Ada sebagian tuntutan ini yang selaras pula dengan visi dan misi. Ada sebagian lain yang tidak. Dan banyak insan belum terampil untuk jeli mengenali beda keduanya. Lalu terjebaklah ia dalam kesibukan tiada henti. Hingga apa yang dinamakan visi dan misi, tak pernah terwujud menjadi aksi. Jika pun dikenali, diri ini terlalu lemah untuk menolak yang tak berarti.
Adalah Stephen R. Covey, yang satu kali mengatakan, “Kita bisa mengatakan ‘tidak’ pada yang tak penting, jika kita memiliki api ‘ya’ yang membara dalam diri.”

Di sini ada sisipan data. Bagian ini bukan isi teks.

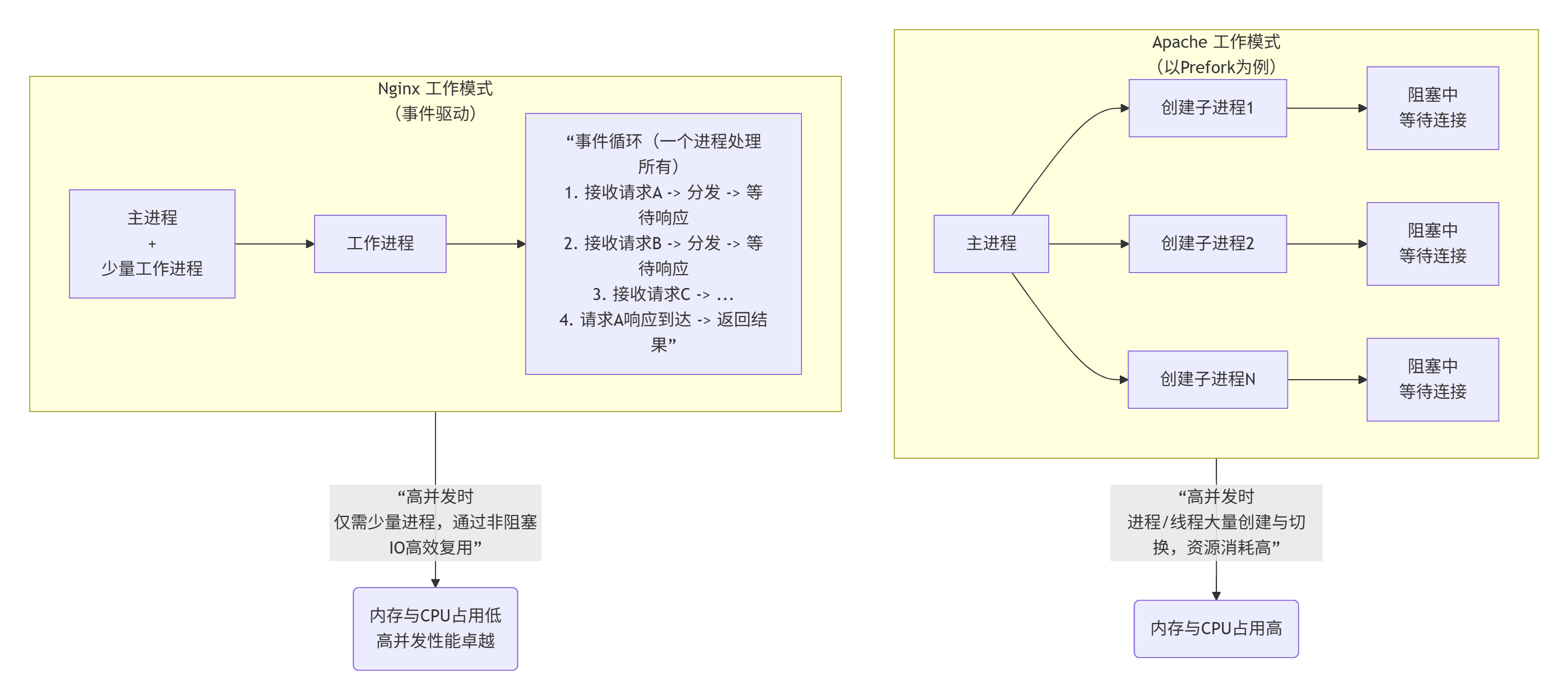 | 架构模型 | 多进程/多线程,同步阻塞I/O | 事件驱动,异步非阻塞I/O |

Ya, kata ‘tidak’ adalah kuncinya. Kemampuan menolak adalah bekalnya. Cermati, apakah aktivitas yang ditawarkan ini selaras dengan visi dan misi. Jika ya, katakan ‘ya’. Jika tidak, teguh dan beranikan diri katakan ‘tidak’.
Tak berani?
Ingat-ingatlah pekerjaan besar di hadapan sana. Ia menunggu tuk diselesaikan. Biarkan tujuan besar ini terbayang di kepala, membara di rasa. Membimbing lisan tuk berkata, “Maaf, aku tak bisa melakukannya sekarang. Ada hal penting yang perlu kukerjakan sekarang.”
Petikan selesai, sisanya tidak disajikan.